Data excerpts:
------
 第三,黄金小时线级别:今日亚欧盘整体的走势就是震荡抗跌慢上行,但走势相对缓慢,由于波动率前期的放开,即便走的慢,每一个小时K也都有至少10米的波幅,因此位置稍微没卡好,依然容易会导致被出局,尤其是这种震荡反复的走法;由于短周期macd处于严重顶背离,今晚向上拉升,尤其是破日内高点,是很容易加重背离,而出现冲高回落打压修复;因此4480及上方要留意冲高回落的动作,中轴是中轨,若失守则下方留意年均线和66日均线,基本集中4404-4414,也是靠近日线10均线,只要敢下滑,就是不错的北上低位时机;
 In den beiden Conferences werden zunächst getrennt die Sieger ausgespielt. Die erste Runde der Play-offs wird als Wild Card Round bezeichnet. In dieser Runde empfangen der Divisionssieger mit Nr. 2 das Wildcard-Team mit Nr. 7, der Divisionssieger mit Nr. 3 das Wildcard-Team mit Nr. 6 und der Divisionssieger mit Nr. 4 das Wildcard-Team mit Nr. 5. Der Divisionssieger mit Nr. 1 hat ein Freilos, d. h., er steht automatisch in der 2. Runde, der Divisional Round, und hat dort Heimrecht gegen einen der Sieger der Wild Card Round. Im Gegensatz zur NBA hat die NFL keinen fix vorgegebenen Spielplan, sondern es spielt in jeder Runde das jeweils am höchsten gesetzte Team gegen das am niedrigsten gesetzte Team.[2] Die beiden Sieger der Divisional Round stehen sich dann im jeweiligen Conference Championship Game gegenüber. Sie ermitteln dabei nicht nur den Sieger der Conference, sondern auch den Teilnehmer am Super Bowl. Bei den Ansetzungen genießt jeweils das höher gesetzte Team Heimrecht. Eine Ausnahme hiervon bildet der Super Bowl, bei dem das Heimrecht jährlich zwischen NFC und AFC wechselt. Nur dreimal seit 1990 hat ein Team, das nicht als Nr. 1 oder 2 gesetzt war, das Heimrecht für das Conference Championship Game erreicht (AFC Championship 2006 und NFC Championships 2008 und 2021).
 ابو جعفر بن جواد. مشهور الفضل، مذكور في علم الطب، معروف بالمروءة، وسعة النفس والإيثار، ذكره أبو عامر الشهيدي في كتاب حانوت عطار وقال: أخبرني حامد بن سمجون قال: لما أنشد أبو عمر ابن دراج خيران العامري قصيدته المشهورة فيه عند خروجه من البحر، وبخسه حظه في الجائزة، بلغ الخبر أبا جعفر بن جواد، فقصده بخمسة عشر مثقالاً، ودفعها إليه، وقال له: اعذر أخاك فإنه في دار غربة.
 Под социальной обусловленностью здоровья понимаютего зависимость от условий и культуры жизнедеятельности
------
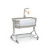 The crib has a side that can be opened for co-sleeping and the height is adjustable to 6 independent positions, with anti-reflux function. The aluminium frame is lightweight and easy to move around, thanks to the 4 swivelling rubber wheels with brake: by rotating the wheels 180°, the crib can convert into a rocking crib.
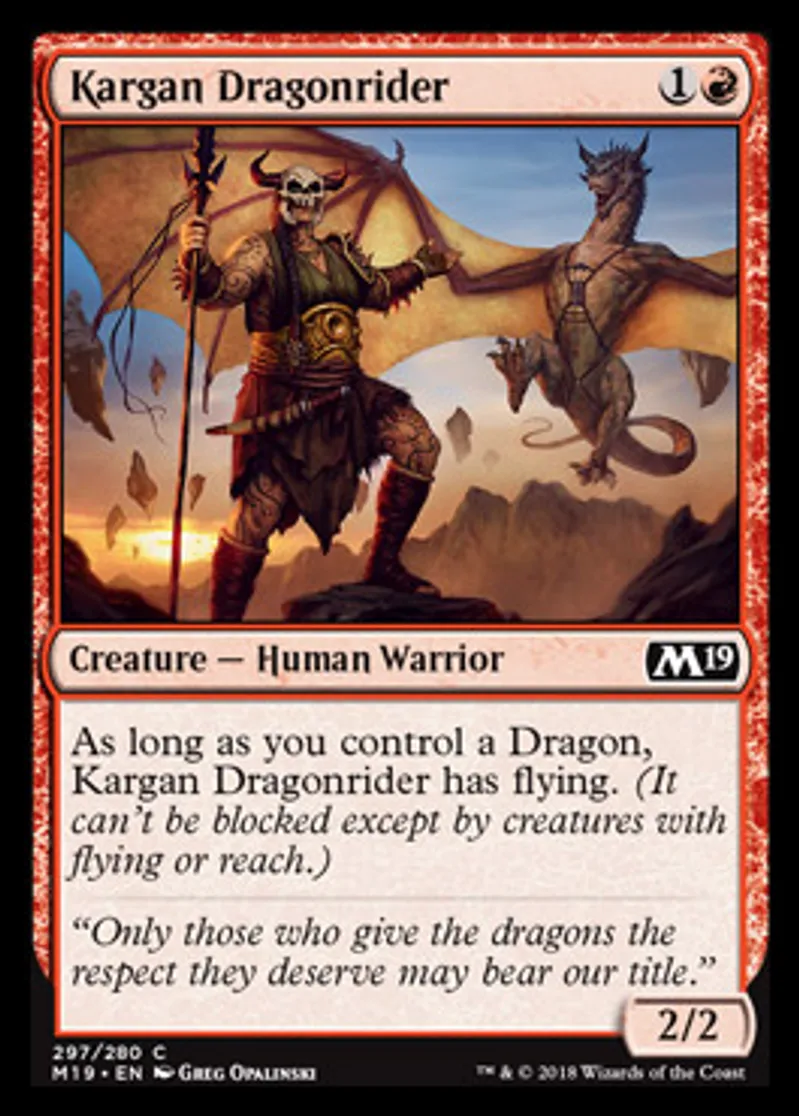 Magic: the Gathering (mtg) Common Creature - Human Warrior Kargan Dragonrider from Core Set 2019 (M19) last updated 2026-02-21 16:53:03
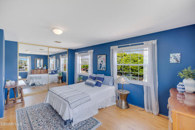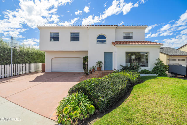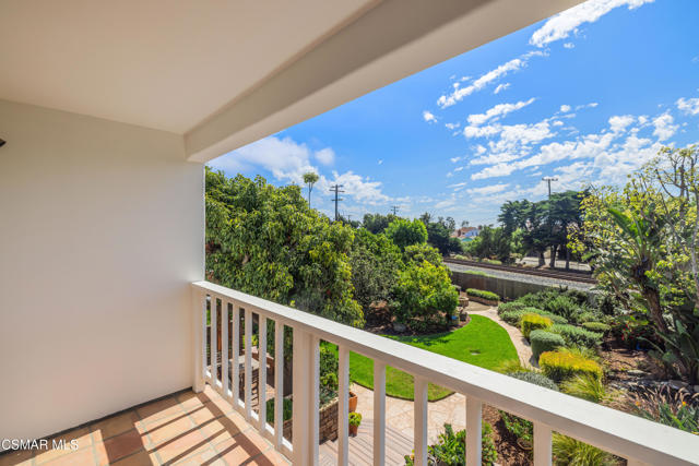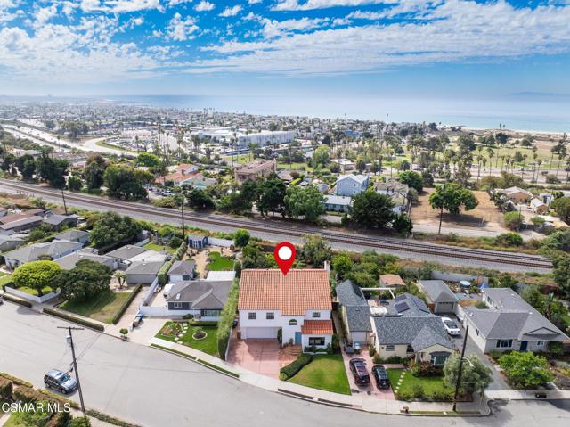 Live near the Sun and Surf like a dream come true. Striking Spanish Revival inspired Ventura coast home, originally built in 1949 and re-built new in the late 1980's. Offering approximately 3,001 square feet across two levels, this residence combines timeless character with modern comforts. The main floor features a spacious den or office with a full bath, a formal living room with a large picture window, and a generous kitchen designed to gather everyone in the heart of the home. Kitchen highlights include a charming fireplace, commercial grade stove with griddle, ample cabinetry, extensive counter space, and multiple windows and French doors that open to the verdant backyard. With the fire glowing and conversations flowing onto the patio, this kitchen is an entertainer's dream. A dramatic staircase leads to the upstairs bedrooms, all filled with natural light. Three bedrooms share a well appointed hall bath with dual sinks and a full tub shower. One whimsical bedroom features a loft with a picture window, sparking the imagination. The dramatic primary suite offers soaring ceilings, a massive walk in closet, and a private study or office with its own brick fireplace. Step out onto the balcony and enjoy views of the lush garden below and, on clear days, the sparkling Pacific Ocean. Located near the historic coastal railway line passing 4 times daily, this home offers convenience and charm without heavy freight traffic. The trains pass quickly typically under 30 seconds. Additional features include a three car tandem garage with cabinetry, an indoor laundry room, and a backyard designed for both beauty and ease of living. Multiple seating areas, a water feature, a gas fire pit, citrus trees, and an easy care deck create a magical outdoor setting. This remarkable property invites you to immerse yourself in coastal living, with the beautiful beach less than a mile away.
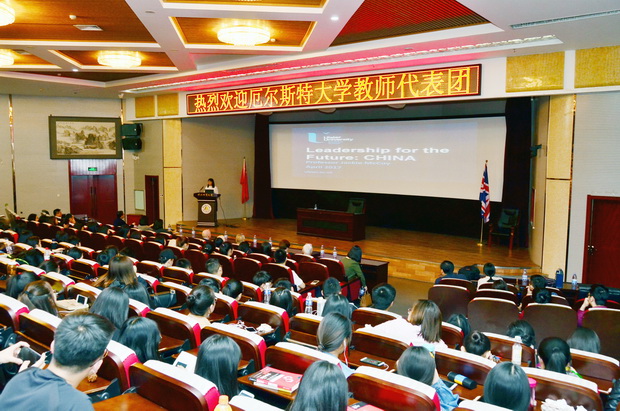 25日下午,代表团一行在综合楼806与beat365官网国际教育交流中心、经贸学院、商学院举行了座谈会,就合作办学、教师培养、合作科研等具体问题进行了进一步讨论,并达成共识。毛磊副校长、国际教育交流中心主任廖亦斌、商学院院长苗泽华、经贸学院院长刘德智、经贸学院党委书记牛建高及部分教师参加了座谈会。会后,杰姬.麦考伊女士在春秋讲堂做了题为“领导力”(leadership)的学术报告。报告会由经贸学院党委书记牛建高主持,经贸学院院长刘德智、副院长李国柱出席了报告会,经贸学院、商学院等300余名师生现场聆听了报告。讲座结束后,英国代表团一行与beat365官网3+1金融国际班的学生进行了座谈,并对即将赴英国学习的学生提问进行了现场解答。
------
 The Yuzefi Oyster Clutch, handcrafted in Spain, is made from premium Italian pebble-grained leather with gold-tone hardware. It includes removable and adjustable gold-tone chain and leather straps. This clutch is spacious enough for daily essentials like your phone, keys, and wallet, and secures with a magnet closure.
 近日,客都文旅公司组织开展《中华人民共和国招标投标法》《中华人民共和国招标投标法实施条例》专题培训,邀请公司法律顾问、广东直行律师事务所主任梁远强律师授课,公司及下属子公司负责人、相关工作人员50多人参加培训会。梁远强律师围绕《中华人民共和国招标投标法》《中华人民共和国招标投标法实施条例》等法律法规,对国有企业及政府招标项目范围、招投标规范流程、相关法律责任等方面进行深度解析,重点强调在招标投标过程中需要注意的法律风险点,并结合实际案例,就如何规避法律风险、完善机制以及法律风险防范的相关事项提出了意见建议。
------
What you return should be exactly the lines above, starting at the one with "In den beiden" and ending at the one with "ابو جعفر بن", and nothing else.

Answer to the problem:
 In den beiden Conferences werden zunächst getrennt die Sieger ausgespielt. Die erste Runde der Play-offs wird als Wild Card Round bezeichnet. In dieser Runde empfangen der Divisionssieger mit Nr. 2 das Wildcard-Team mit Nr. 7, der Divisionssieger mit Nr. 3 das Wildcard-Team mit Nr. 6 und der Divisionssieger mit Nr. 4 das Wildcard-Team mit Nr. 5. Der Divisionssieger mit Nr. 1 hat ein Freilos, d. h., er steht automatisch in der 2. Runde, der Divisional Round, und hat dort Heimrecht gegen einen der Sieger der Wild Card Round. Im Gegensatz zur NBA hat die NFL keinen fix vorgegebenen Spielplan, sondern es spielt in jeder Runde das jeweils am höchsten gesetzte Team gegen das am niedrigsten gesetzte Team.[2] Die beiden Sieger der Divisional Round stehen sich dann im jeweiligen Conference Championship Game gegenüber. Sie ermitteln dabei nicht nur den Sieger der Conference, sondern auch den Teilnehmer am Super Bowl. Bei den Ansetzungen genießt jeweils das höher gesetzte Team Heimrecht. Eine Ausnahme hiervon bildet der Super Bowl, bei dem das Heimrecht jährlich zwischen NFC und AFC wechselt. Nur dreimal seit 1990 hat ein Team, das nicht als Nr. 1 oder 2 gesetzt war, das Heimrecht für das Conference Championship Game erreicht (AFC Championship 2006 und NFC Championships 2008 und 2021).
 ابو جعفر بن جواد. مشهور الفضل، مذكور في علم الطب، معروف بالمروءة، وسعة النفس والإيثار، ذكره أبو عامر الشهيدي في كتاب حانوت عطار وقال: أخبرني حامد بن سمجون قال: لما أنشد أبو عمر ابن دراج خيران العامري قصيدته المشهورة فيه عند خروجه من البحر، وبخسه حظه في الجائزة، بلغ الخبر أبا جعفر بن جواد، فقصده بخمسة عشر مثقالاً، ودفعها إليه، وقال له: اعذر أخاك فإنه في دار غربة.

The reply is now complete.